## Information shown

================================

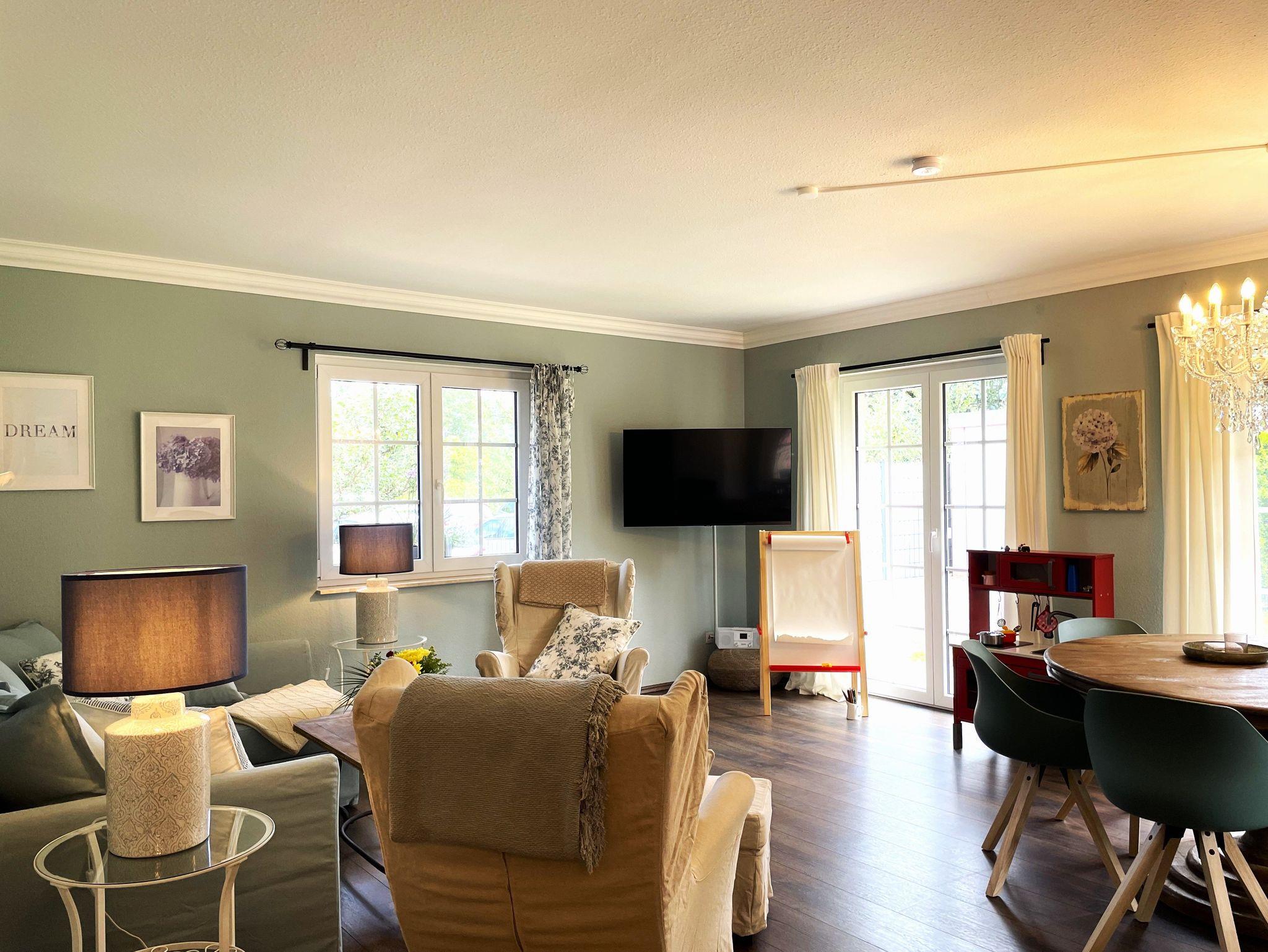 Das Ferienhaus „Seeliebe“ im Bungalow Steyl, bietet seinen Gästen einen in hellen Farben gehaltenen, eleganten Wohnbereich mit Zugang zur offenen, komplett ausgestatteten Küche. Sämtliche Annehmlichkeiten wie Backofen, Geschirrspüler, Kühlschrank mit Gefriermöglichkeit, Toaster, Wasserkocher mit Temperaturanzeige, Kaffeemaschine sind vorhanden. Auch für einen kleinen Plausch in der Küche befinden sich verschiedene Sitzmöglichkeiten. Des Weiteren besitzt die Unterkunft 3 Schlafzimmer. 2 Schlafzimmer sind mit Doppelbetten, 1 Kommode, Kleiderständer und zum Teil mit einem TV-Flachbildschirm ausgestattet. Im 3. Schlafzimmer befindet sich ein Ausziehbett, welches entweder als Einzelbett oder ausgezogen für 2 Personen belegbar ist.
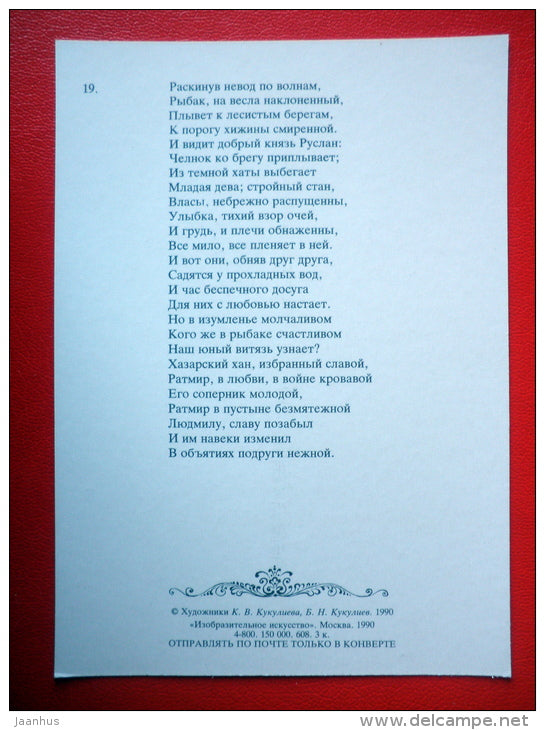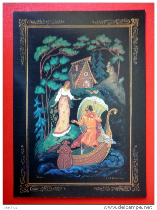 illustration de B. Kukuliyev - Bateau à voile - Ruslan et Ludmila - Poème de A. Pouchkine - 1990 - Russie URSS - inutilisé
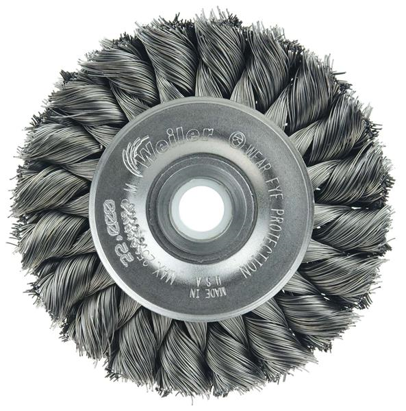 Weiler 3" Standard Twist Knot Wire Wheel Brush provides a heavy-duty brushing action with some flexibility for demanding deburring cleaning and surface preparation applications on somewhat irregular surfaces. Featuring Weiler's individual knot hole construction, these radial brushes are available in heat-treated steel, type 302 stainless steel and bronze wire for use in a wide variety of applications. 5/8"-1/2" arbor hole for use on bench/pedestal grinder, die grinder, right angle die grinder and straight grinders.
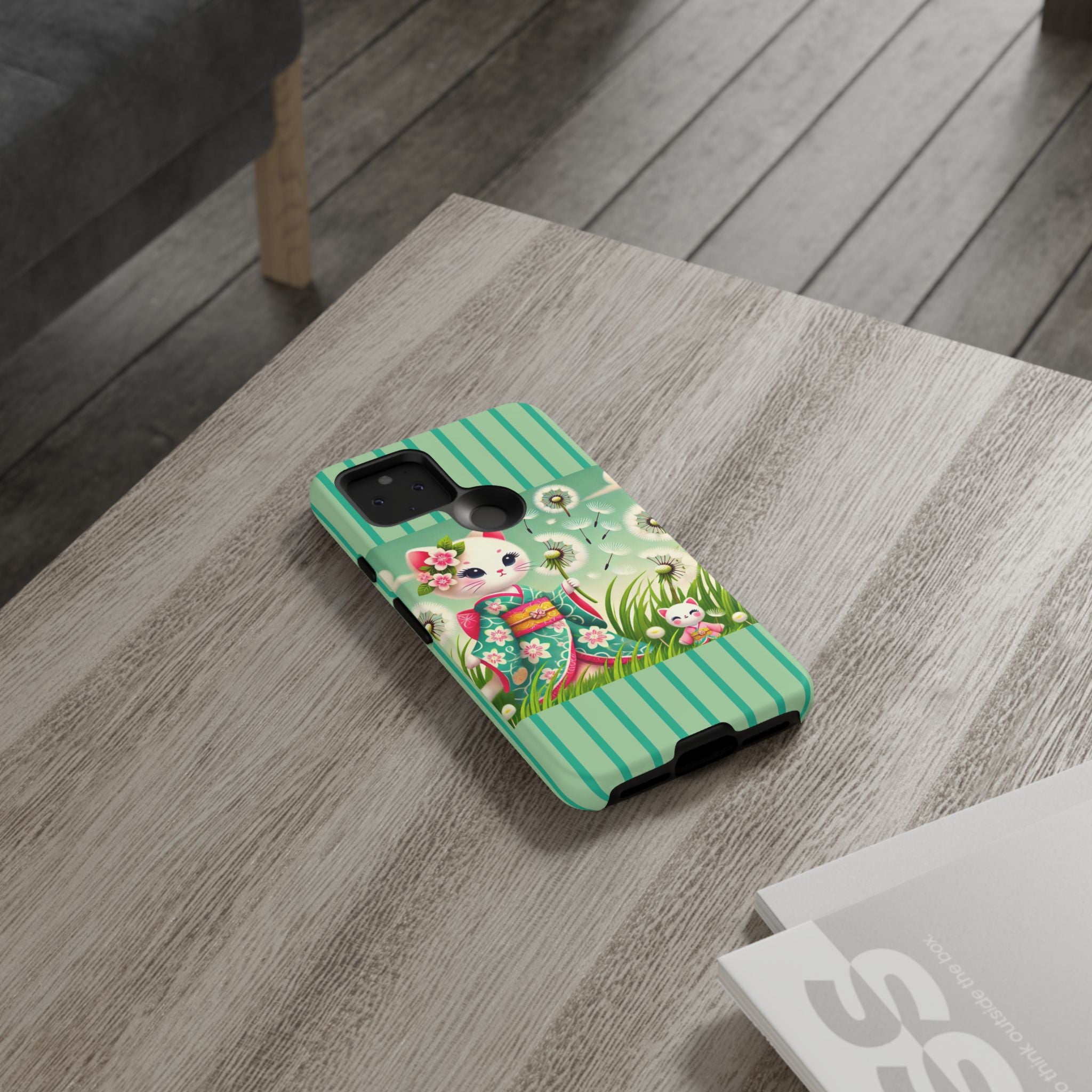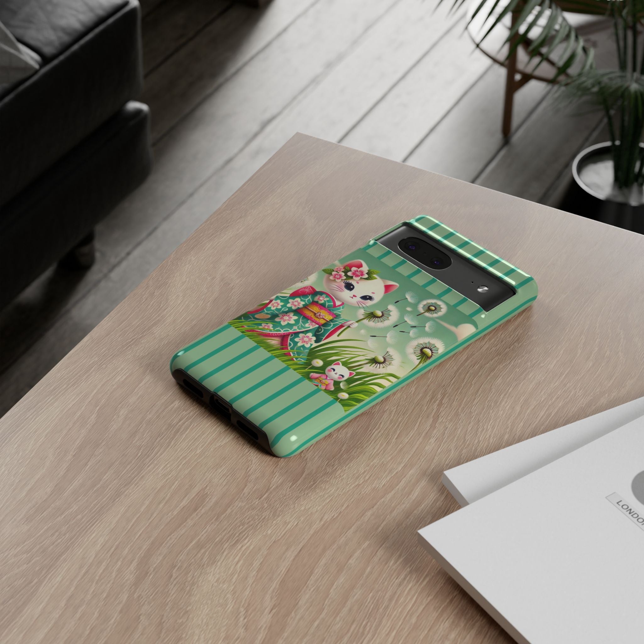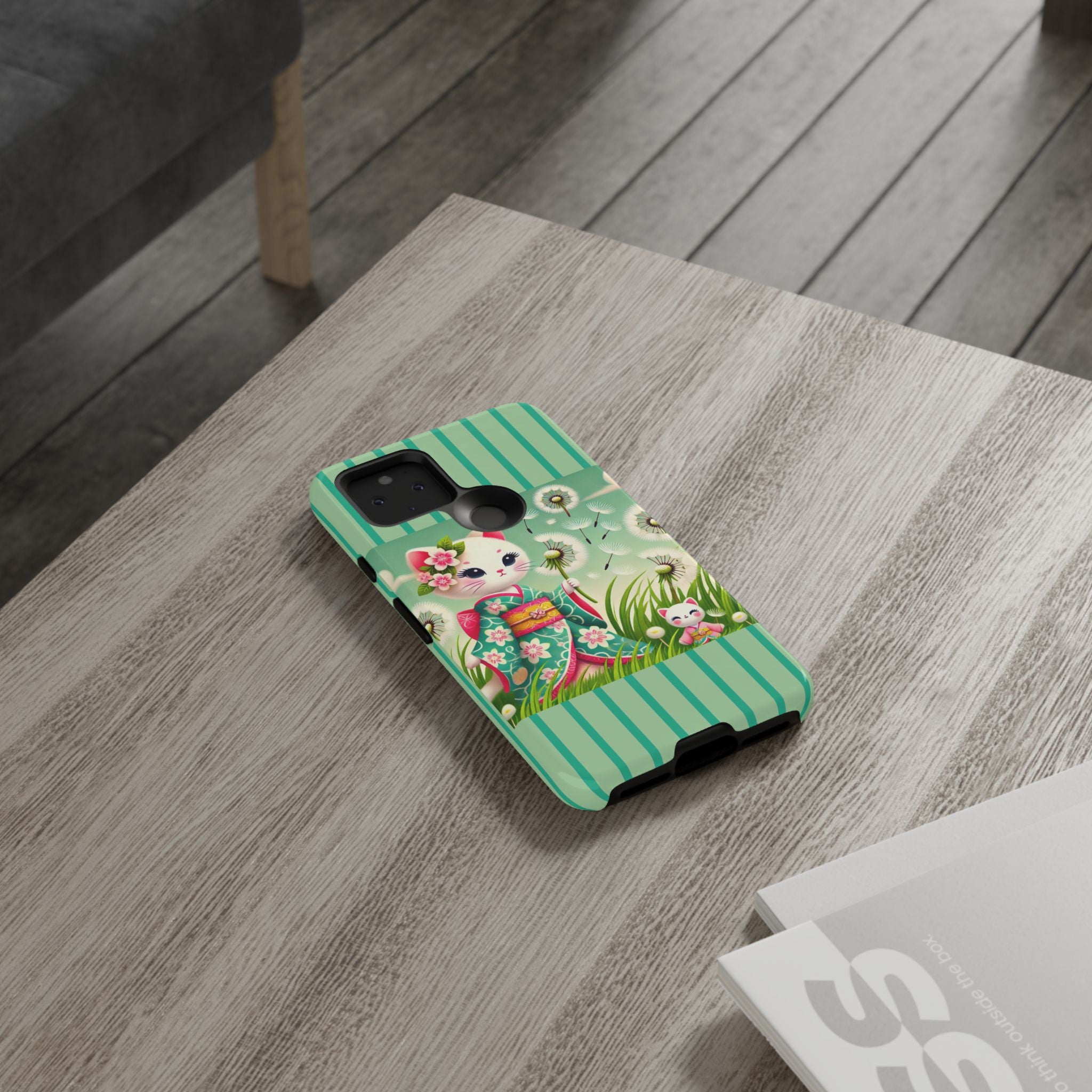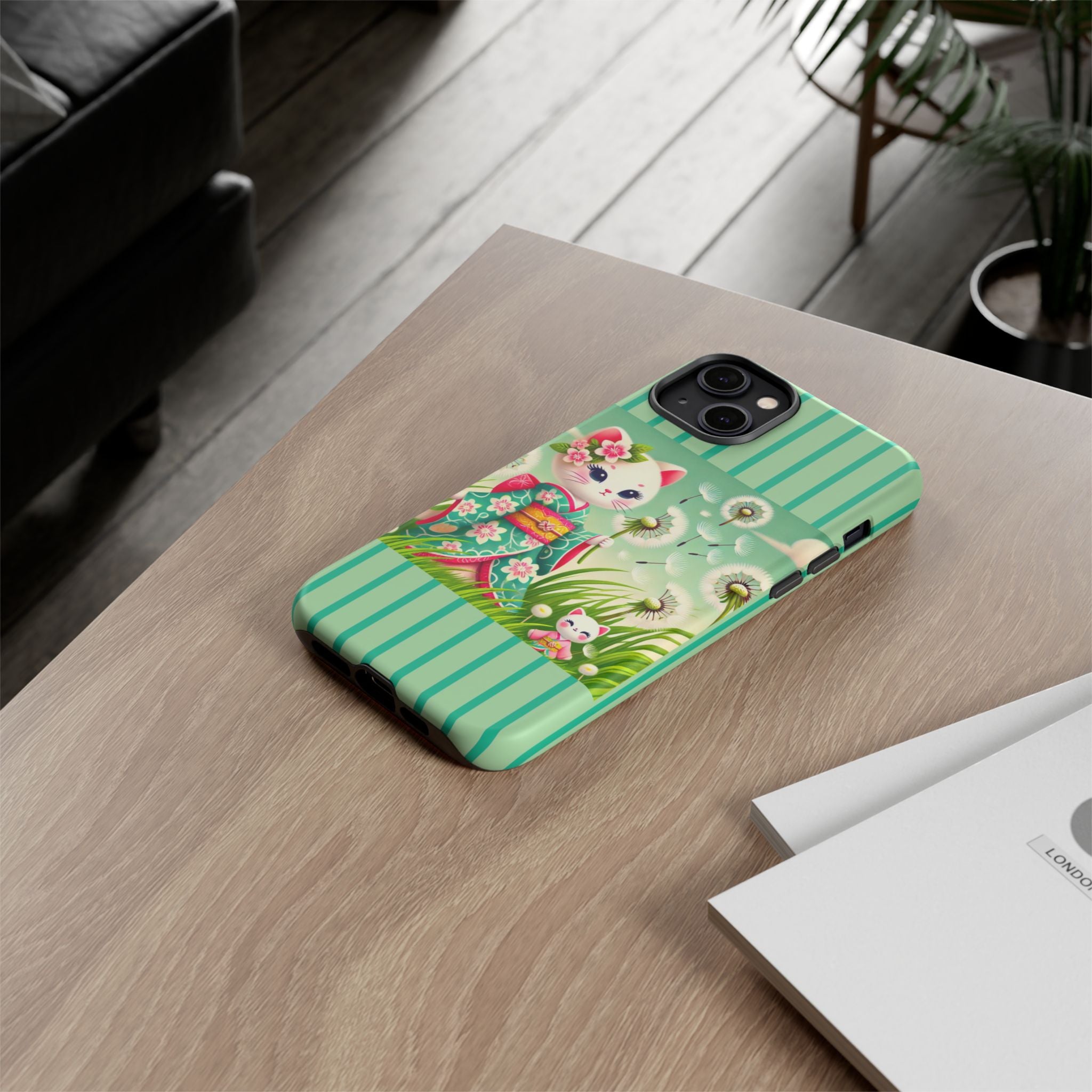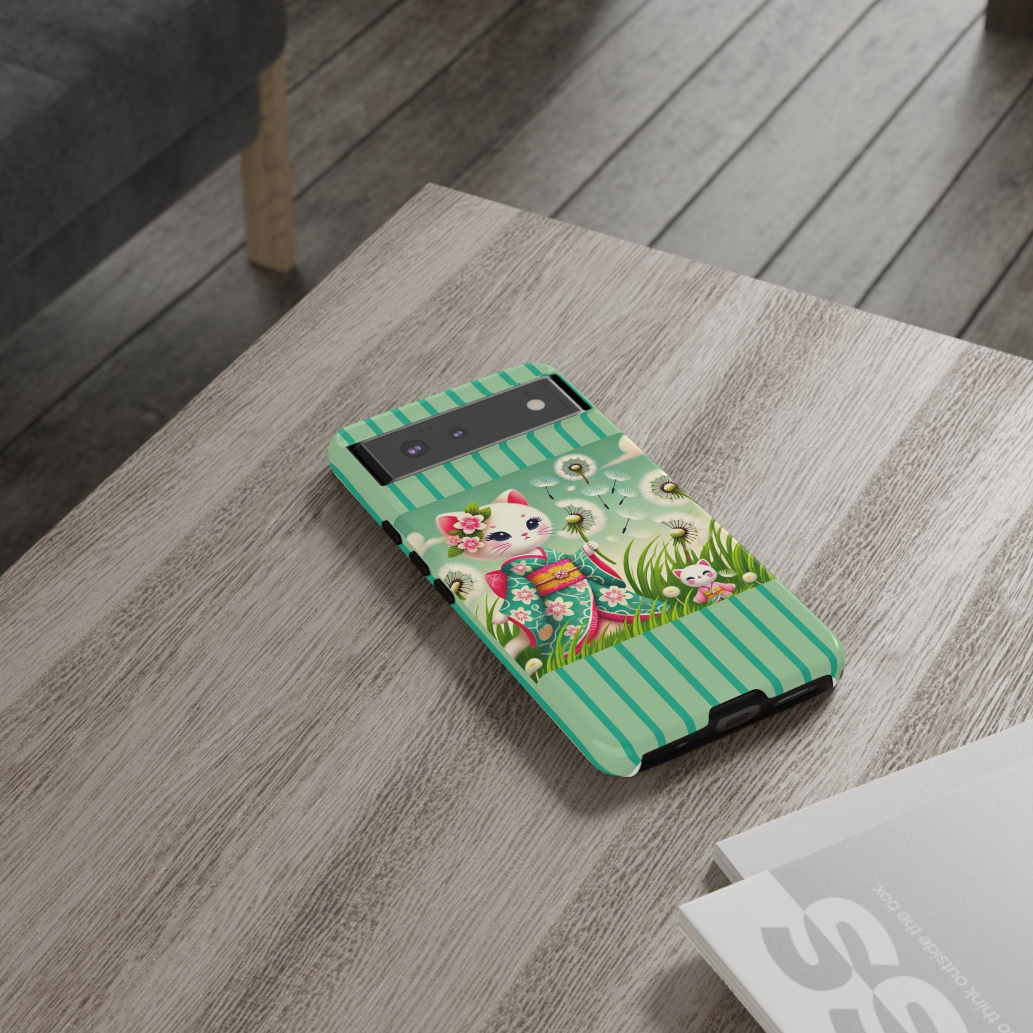 Add a touch of calm charm to your day with our Geisha Kitten and the Dandelion Phone Cases. Designed for iPhone, Samsung Galaxy, and Google Pixel devices, these premium-quality cases combine everyday protection with the gentle beauty of whimsical art. The design features a serene illustration of a geisha kitten and her tiny kitten doll, both dressed in matching kimonos, surrounded by tall swaying grass and drifting dandelion seeds. The soft colors and delicate details create a dreamy, tranquil mood that transforms your phone into a peaceful work of art.

================================

## Directions for this task
What is wanted is the listing, written out exactly, with each picture removed.

## Exercise answer
 Das Ferienhaus „Seeliebe“ im Bungalow Steyl, bietet seinen Gästen einen in hellen Farben gehaltenen, eleganten Wohnbereich mit Zugang zur offenen, komplett ausgestatteten Küche. Sämtliche Annehmlichkeiten wie Backofen, Geschirrspüler, Kühlschrank mit Gefriermöglichkeit, Toaster, Wasserkocher mit Temperaturanzeige, Kaffeemaschine sind vorhanden. Auch für einen kleinen Plausch in der Küche befinden sich verschiedene Sitzmöglichkeiten. Des Weiteren besitzt die Unterkunft 3 Schlafzimmer. 2 Schlafzimmer sind mit Doppelbetten, 1 Kommode, Kleiderständer und zum Teil mit einem TV-Flachbildschirm ausgestattet. Im 3. Schlafzimmer befindet sich ein Ausziehbett, welches entweder als Einzelbett oder ausgezogen für 2 Personen belegbar ist.
 illustration de B. Kukuliyev - Bateau à voile - Ruslan et Ludmila - Poème de A. Pouchkine - 1990 - Russie URSS - inutilisé
 Weiler 3" Standard Twist Knot Wire Wheel Brush provides a heavy-duty brushing action with some flexibility for demanding deburring cleaning and surface preparation applications on somewhat irregular surfaces. Featuring Weiler's individual knot hole construction, these radial brushes are available in heat-treated steel, type 302 stainless steel and bronze wire for use in a wide variety of applications. 5/8"-1/2" arbor hole for use on bench/pedestal grinder, die grinder, right angle die grinder and straight grinders.
 Add a touch of calm charm to your day with our Geisha Kitten and the Dandelion Phone Cases. Designed for iPhone, Samsung Galaxy, and Google Pixel devices, these premium-quality cases combine everyday protection with the gentle beauty of whimsical art. The design features a serene illustration of a geisha kitten and her tiny kitten doll, both dressed in matching kimonos, surrounded by tall swaying grass and drifting dandelion seeds. The soft colors and delicate details create a dreamy, tranquil mood that transforms your phone into a peaceful work of art.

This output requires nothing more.